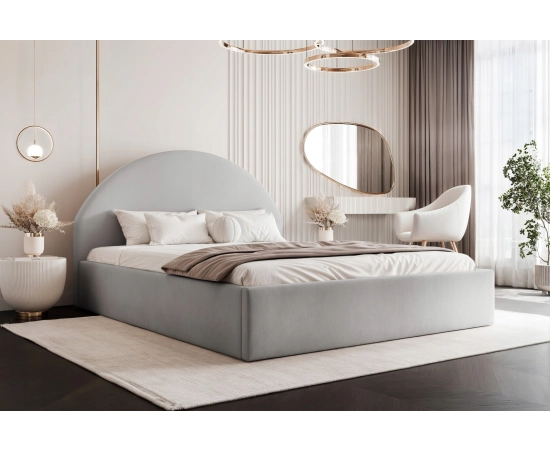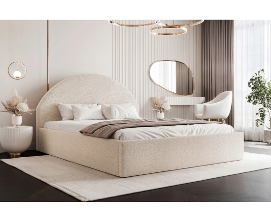 Łóżko sypialniane Velora 180x200 to nowoczesna propozycja, która wyróżnia się eleganckim designem i funkcjonalnością. Posiada pojemny schowek na pościel, idealny do przechowywania dodatkowej kołdry czy poduszek. Stylowe, półokrągłe wezgłowie w połączeniu z wąskimi bokami nadaje całości lekkiego i nowoczesnego charakteru. Mebel został osadzony na praktycznych ślizgach, co ułatwia jego przesuwanie i ustawienie. Tapicerka z tkaniny boucle oraz miękkiego veluru nie tylko pięknie się prezentuje, ale także zapewnia wyjątkowy komfort użytkowania. W zestawie znajduje się solidny stelaż drewniany, który zapewnia odpowiednie podparcie dla materaca. Tapicerowane łóżko Velora to doskonały wybór dla osób ceniących nowoczesny styl i wygodę.
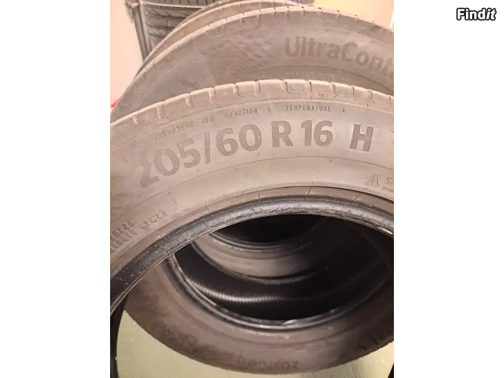 Continental ultracontact 205-60r16 sommardäck till salu. Ca 4mm kvar. Mera slitna på inner kanterna. Stekta v50 år 2023. Ena däcket är lappat,har fungerat bra.
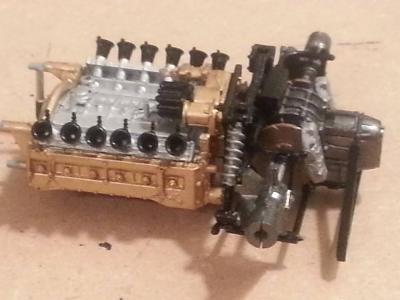 Back in February, I was in the process of building the Fujimi Brabham BT46B F1 kit, but I never finished it after a problem I had with part of the body. Fujimi's coloring uses Mr. Color paints so I was unable to figure out what to use for the red of the body since my hobby shop only carries Mr. Color jar paints, not their spray paints. I used Tamiya Bright Red but did not like how it came out. Wound up switching to Italian Red. Long story short, I became too ambitious with what I was doing and I needed to strip the entire kit, but due to how much detail they put into the moldings, I was never able to get it stripped completely, and wound up sanding out many of the fine details in my lost effort. At some point I do plan on rebuying the kit and redoing the body. The Alfa Romeo flat 12 looked very similar to the real life pictures I had, and I was amazed at how awesome it looked when completed. With that said, as mentioned, Fujimi does an ace job with details on their kits. It's incredible. It's very much because of their details that I will rebuy the kit since I wound up sanding off riveting work on the body, and I did not want to lose that. The one problem I had with the their kit (I'm not sure if this was just this kit or is the case with others) is that pieces fit very tightly. Priming parts, and then painting over them will affect the fit more than any car kit I've tried to date. Tamiya doesn't fit as tightly as Fujimi, nor does Revell and Ertl. I had to sand back to the bare plastic in order for some small parts to fit flush in the joints whereas I didn't have to bother doing that with other kits. Here are a few pictures of the engine from the kit just to give an idea about the details. All of the intake trumpets are individual pieces.
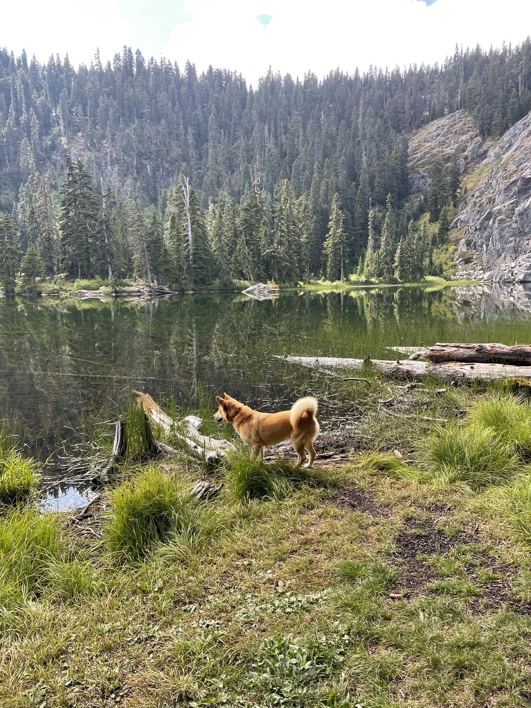 I went to the summit first. Clouds were rolling in and out, but I still got to enjoy the views and was glad to have the lookout to myself and my dog. Reached it in about 2 hours. From there I went to the lake. It was a nice view, but neither my dog or I were tempted to jump in, so it was a short stop. The bottom of the lake looks mucky and fortunately it wasn’t hot at all. About three downed trees that required scrambling on the way to the lake. Bugs were manageable at the lookout, but worse at the lake.
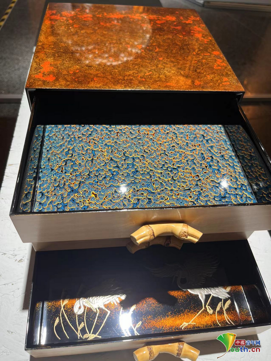 漆工艺类型作品《鹤舞百宝》。作者:王子寿 中国青年网记者 秦亮 摄
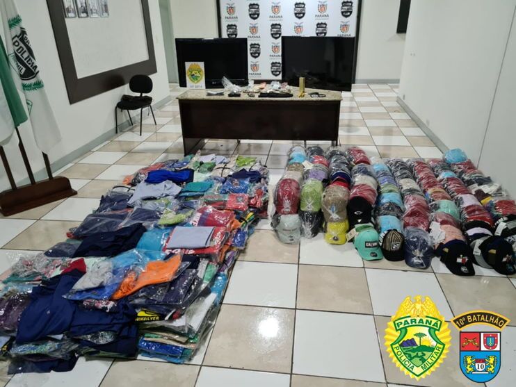 Na madrugada desta quinta-feira (5), a Polícia Militar de Apucarana recebeu uma denúncia anônima informando que pessoas estariam em uma casa descarregando objetos suspeitos no Jardim Morada do Sol.Durante a operação, uma mulher, de 48 anos, que estava no local denunciado, foi encaminhada para a delegacia, além de terem sido recuperados quase dois mil bonés e camisetas; 46 cheques, R$ 1.155 e duas TV’s, que foram levados de uma empresa localizada no Jardim Catuaí III. Os criminosos, conforme a PM, também roubaram um VW/Parati e amarram um dos funcionários do local dentro do banheiro. Diante da denúncia, a equipe se deslocou e quando se aproximou do local, conforme o boletim, dois homens fugiram pelos fundos sentido à Rua Mario Panont e depois para uma mata que li8ga ao Jardim das Flores. Outras equipes foram até o endereço, mas não conseguiram localizar os suspeitos.Na casa, a PM conversou com uma mulher, que disse ser mãe de um homem já conhecido no meio policial. Ela deixou a polícia entrar na residência, onde foi encontrado um VW/PARATI, o qual estava com um mixa na ignição, além de 754 camisetas e 1.140 de diferentes marcas.Ainda dentro da casa, a PM encontrou uma TV da marca LG 32 polegadas, uma porção de maconha, pesando 16 gramas, e uma bolsa feminina, com grande valor em dinheiro, totalizando R$1155, além de cheques de diversos valores. De acordo com a PM, ainda dentro da casa, havia um simulacro de pistola e um revolver, possivelmente calibre 32, uma touca balaclava, um perfume e carregadores de celular.No andar debaixo da casa, de acordo com a PM, foi localizada mais uma quantidade grande de bonés, camisetas e uma TV da marca Samsung de 40 polegadas. Ao ser indagada, a mulher, de 48 anos, afirmou que ouviu o momento em que o veículo entrou na garagem e seu filho foi receber dois homens, um deles conhecido no meio policial pela pratica de furtos.A abordada ainda disse à PM que ouviu eles conversando sobre ter amarrado vítimas e teriam pego a mercadoria. Diante dos fatos, a equipe encaminhou a mulher até a 17ª SDP. Os envolvidos ainda não foram localizados pela polícia.Fonte TNOnline
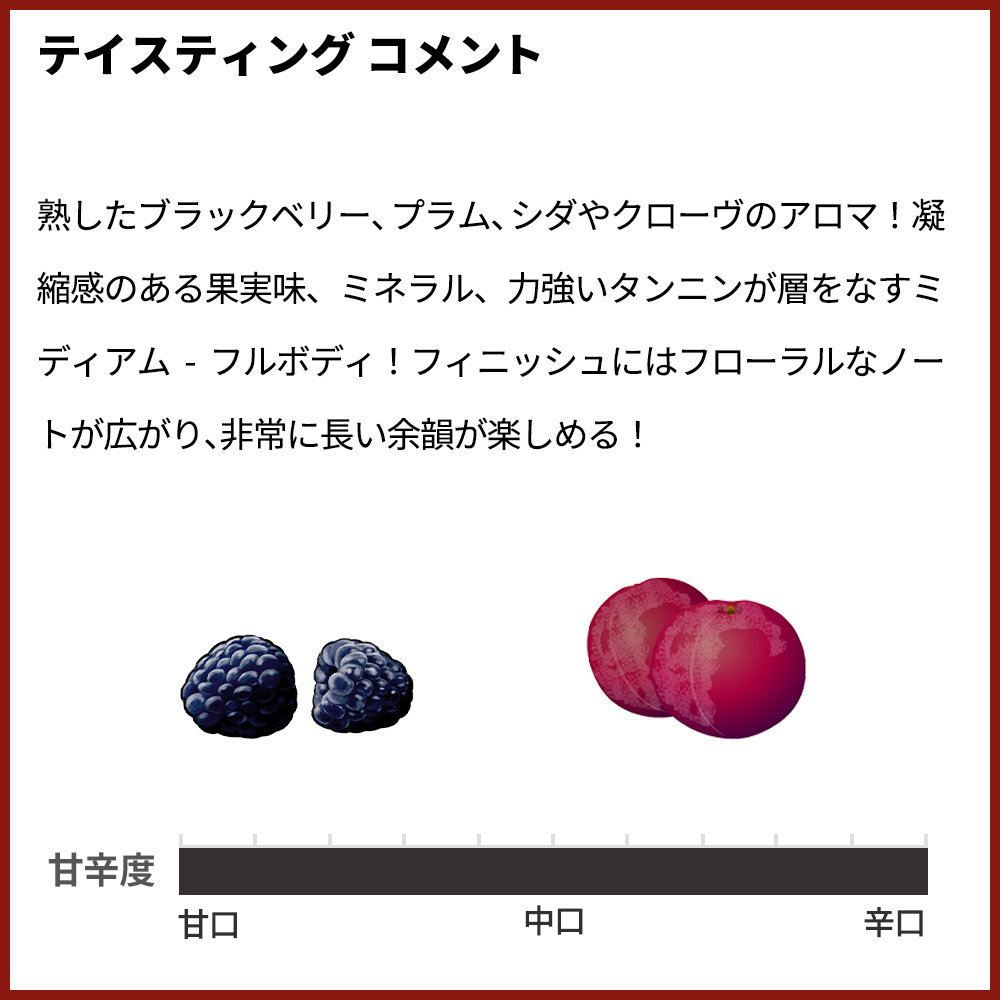 熟したブラックベリー、プラム、シダやクローヴのアロマ!凝縮感のある果実味、ミネラル、力強いタンニンが層をなすミディアム-フルボディ!フィニッシュにはフローラルなノートが広がり、非常に長い余韻が楽しめる!もちろん現地のセラー数ヶ月前の蔵出し品で限定少量入荷!
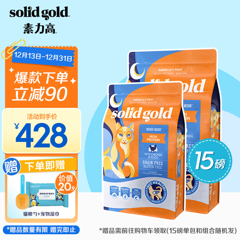 素力高(SolidGold)进口高蛋白 金装金素鸡 成猫幼猫全价猫粮 15磅/6.8kg价格:398.00元!
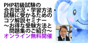 学びやすく、仕事も多いPHPを学ぶ方も多いこともあり、PHPの基礎技術の学習指針でもある、PHP技術者認定初級試験に興味がある方、合格を目指す方を対象に本セミナーを開催することに致しました。
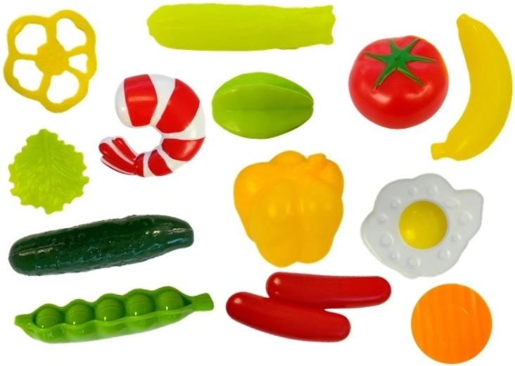 De set kunststof etenswaren in heldere kleuren stimuleert het herkennen van voedsel en het spelen van maaltijdbereiding.
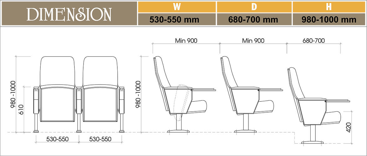 - Kích thước: W(530-550) x D(680-700) x H(980-1000) mm.
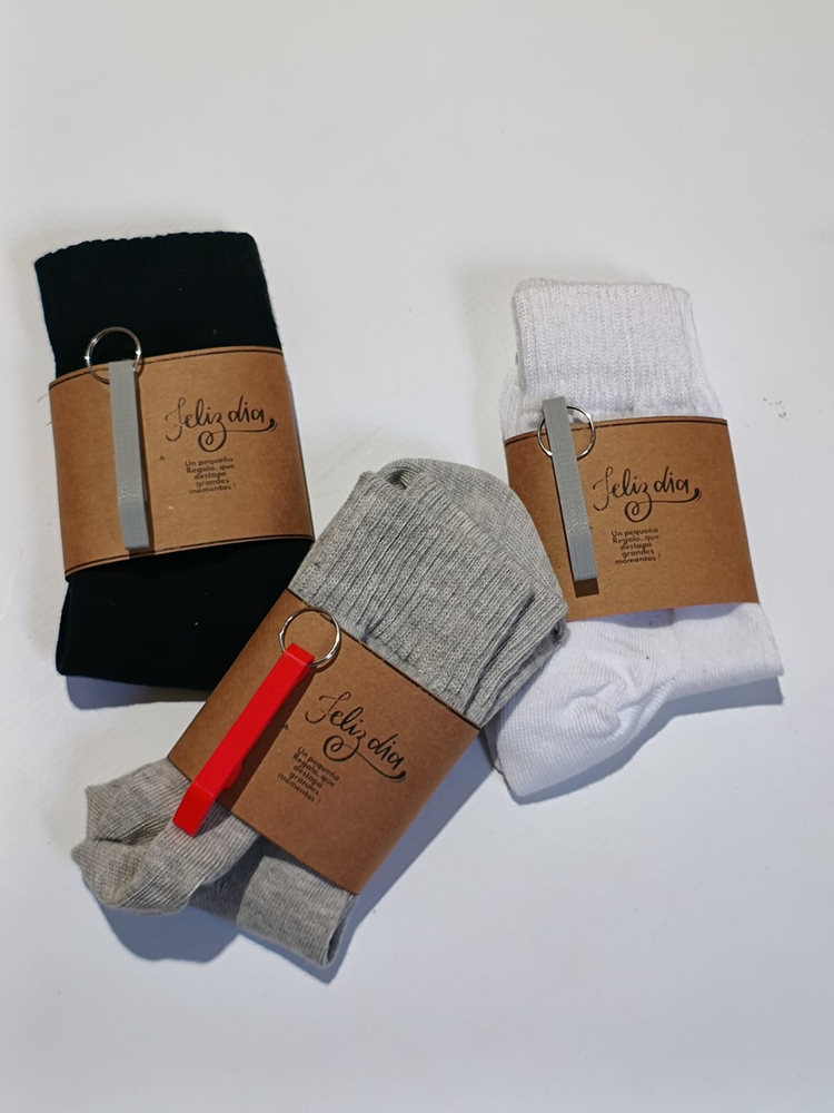 3 medias 3/4 de algodón + 3 llaveros 3D destapador de buenos momentos $7.500 final / $2.500 por unidad
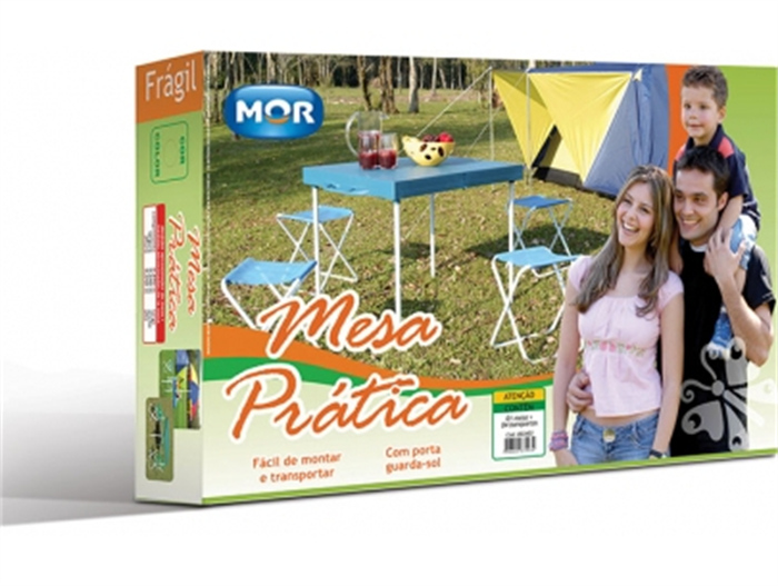 * O próprio nome diz, Praticidade é a palavra chave desta mesa. Com um sistema de fechamento em forma de maleta, a Mesa Prática Mor ocupa pouco espaço tanto no transporte quanto na hora de guardar. Além disso, acompaha banquetas independentes que podem ser usadas a qualquer hora!

========================

Problem details. Although the records include pictures, output only their text, exactly and completely.

Response box.
 Łóżko sypialniane Velora 180x200 to nowoczesna propozycja, która wyróżnia się eleganckim designem i funkcjonalnością. Posiada pojemny schowek na pościel, idealny do przechowywania dodatkowej kołdry czy poduszek. Stylowe, półokrągłe wezgłowie w połączeniu z wąskimi bokami nadaje całości lekkiego i nowoczesnego charakteru. Mebel został osadzony na praktycznych ślizgach, co ułatwia jego przesuwanie i ustawienie. Tapicerka z tkaniny boucle oraz miękkiego veluru nie tylko pięknie się prezentuje, ale także zapewnia wyjątkowy komfort użytkowania. W zestawie znajduje się solidny stelaż drewniany, który zapewnia odpowiednie podparcie dla materaca. Tapicerowane łóżko Velora to doskonały wybór dla osób ceniących nowoczesny styl i wygodę.
 Continental ultracontact 205-60r16 sommardäck till salu. Ca 4mm kvar. Mera slitna på inner kanterna. Stekta v50 år 2023. Ena däcket är lappat,har fungerat bra.
 Back in February, I was in the process of building the Fujimi Brabham BT46B F1 kit, but I never finished it after a problem I had with part of the body. Fujimi's coloring uses Mr. Color paints so I was unable to figure out what to use for the red of the body since my hobby shop only carries Mr. Color jar paints, not their spray paints. I used Tamiya Bright Red but did not like how it came out. Wound up switching to Italian Red. Long story short, I became too ambitious with what I was doing and I needed to strip the entire kit, but due to how much detail they put into the moldings, I was never able to get it stripped completely, and wound up sanding out many of the fine details in my lost effort. At some point I do plan on rebuying the kit and redoing the body. The Alfa Romeo flat 12 looked very similar to the real life pictures I had, and I was amazed at how awesome it looked when completed. With that said, as mentioned, Fujimi does an ace job with details on their kits. It's incredible. It's very much because of their details that I will rebuy the kit since I wound up sanding off riveting work on the body, and I did not want to lose that. The one problem I had with the their kit (I'm not sure if this was just this kit or is the case with others) is that pieces fit very tightly. Priming parts, and then painting over them will affect the fit more than any car kit I've tried to date. Tamiya doesn't fit as tightly as Fujimi, nor does Revell and Ertl. I had to sand back to the bare plastic in order for some small parts to fit flush in the joints whereas I didn't have to bother doing that with other kits. Here are a few pictures of the engine from the kit just to give an idea about the details. All of the intake trumpets are individual pieces.
 I went to the summit first. Clouds were rolling in and out, but I still got to enjoy the views and was glad to have the lookout to myself and my dog. Reached it in about 2 hours. From there I went to the lake. It was a nice view, but neither my dog or I were tempted to jump in, so it was a short stop. The bottom of the lake looks mucky and fortunately it wasn’t hot at all. About three downed trees that required scrambling on the way to the lake. Bugs were manageable at the lookout, but worse at the lake.
 漆工艺类型作品《鹤舞百宝》。作者:王子寿 中国青年网记者 秦亮 摄
 Na madrugada desta quinta-feira (5), a Polícia Militar de Apucarana recebeu uma denúncia anônima informando que pessoas estariam em uma casa descarregando objetos suspeitos no Jardim Morada do Sol.Durante a operação, uma mulher, de 48 anos, que estava no local denunciado, foi encaminhada para a delegacia, além de terem sido recuperados quase dois mil bonés e camisetas; 46 cheques, R$ 1.155 e duas TV’s, que foram levados de uma empresa localizada no Jardim Catuaí III. Os criminosos, conforme a PM, também roubaram um VW/Parati e amarram um dos funcionários do local dentro do banheiro. Diante da denúncia, a equipe se deslocou e quando se aproximou do local, conforme o boletim, dois homens fugiram pelos fundos sentido à Rua Mario Panont e depois para uma mata que li8ga ao Jardim das Flores. Outras equipes foram até o endereço, mas não conseguiram localizar os suspeitos.Na casa, a PM conversou com uma mulher, que disse ser mãe de um homem já conhecido no meio policial. Ela deixou a polícia entrar na residência, onde foi encontrado um VW/PARATI, o qual estava com um mixa na ignição, além de 754 camisetas e 1.140 de diferentes marcas.Ainda dentro da casa, a PM encontrou uma TV da marca LG 32 polegadas, uma porção de maconha, pesando 16 gramas, e uma bolsa feminina, com grande valor em dinheiro, totalizando R$1155, além de cheques de diversos valores. De acordo com a PM, ainda dentro da casa, havia um simulacro de pistola e um revolver, possivelmente calibre 32, uma touca balaclava, um perfume e carregadores de celular.No andar debaixo da casa, de acordo com a PM, foi localizada mais uma quantidade grande de bonés, camisetas e uma TV da marca Samsung de 40 polegadas. Ao ser indagada, a mulher, de 48 anos, afirmou que ouviu o momento em que o veículo entrou na garagem e seu filho foi receber dois homens, um deles conhecido no meio policial pela pratica de furtos.A abordada ainda disse à PM que ouviu eles conversando sobre ter amarrado vítimas e teriam pego a mercadoria. Diante dos fatos, a equipe encaminhou a mulher até a 17ª SDP. Os envolvidos ainda não foram localizados pela polícia.Fonte TNOnline
 熟したブラックベリー、プラム、シダやクローヴのアロマ!凝縮感のある果実味、ミネラル、力強いタンニンが層をなすミディアム-フルボディ!フィニッシュにはフローラルなノートが広がり、非常に長い余韻が楽しめる!もちろん現地のセラー数ヶ月前の蔵出し品で限定少量入荷!
 素力高(SolidGold)进口高蛋白 金装金素鸡 成猫幼猫全价猫粮 15磅/6.8kg价格:398.00元!
 学びやすく、仕事も多いPHPを学ぶ方も多いこともあり、PHPの基礎技術の学習指針でもある、PHP技術者認定初級試験に興味がある方、合格を目指す方を対象に本セミナーを開催することに致しました。
 De set kunststof etenswaren in heldere kleuren stimuleert het herkennen van voedsel en het spelen van maaltijdbereiding.
 - Kích thước: W(530-550) x D(680-700) x H(980-1000) mm.
 3 medias 3/4 de algodón + 3 llaveros 3D destapador de buenos momentos $7.500 final / $2.500 por unidad
 * O próprio nome diz, Praticidade é a palavra chave desta mesa. Com um sistema de fechamento em forma de maleta, a Mesa Prática Mor ocupa pouco espaço tanto no transporte quanto na hora de guardar. Além disso, acompaha banquetas independentes que podem ser usadas a qualquer hora!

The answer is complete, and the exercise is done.